U “mastru”, il presunto boss di Siderno, Giuseppe Commisso, non poteva essere arrestato nell’ambito dell’inchiesta “Ape Green”, la maxi-retata della Dda di Reggio che ha smantellato una holding di narcotrafficanti della Locride.
La decisione è stata presa, confermando il verdetto del Tribunale della libertà di Reggio, dalla Corte di Cassazione che, accogliendo le censure dell’avvocato Mario Santambrogio, ha dichiarato «inammissibile» il ricorso della Procura. Davanti al collegio della terza sezione della Suprema Corte, l’avvocato Santambrogio ha infatti sostenuto «la legittimità del provvedimento di scarcerazione», osservando come il ricorso del Procuratore generale «si risolvesse in una rilettura di dati di fatto non consentita nel giudizio di legittimità».

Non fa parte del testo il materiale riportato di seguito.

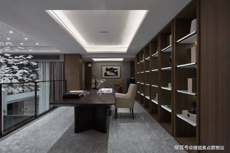 它连接地下车库,层高约5.7米,可以隔成两层,装入酒窖、茶室、影音室、健身房、洗衣房、保姆房等功能空间。推门出去,便是一方静谧的下沉庭院。

Già il Tdl di Reggio aveva condiviso la tesi della difesa che aveva azzerato il mandato di cattura sostenendo «la mancanza d’indizi gravi in ordine alla prova della partecipazione del Commisso ai reati contestati trattandosi di un quadro probatorio non adeguatamente supportato da circostanze idonee a dimostrare il suo coinvolgimento nell’associazione dedita al narcotraffico».
Giuseppe Commisso, tra i personaggi di primo piano delle ’ndrine di Siderno, era stato travolto, anche lui insieme ad altre 22 persone, nell’inchiesta “Ape Green” con l’accusa di aver sovrinteso un’organizzazione che importava cocaina dal Sud America, e la contestuale partecipazione a dieci paralleli episodi di cessione di ingenti quantitativi di stupefacenti. Il cuore dell’accusa ruotava attorno alle intercettazioni registrate all’interno della lavanderia gestita dallo stesso Commisso in un centro commerciale di Siderno.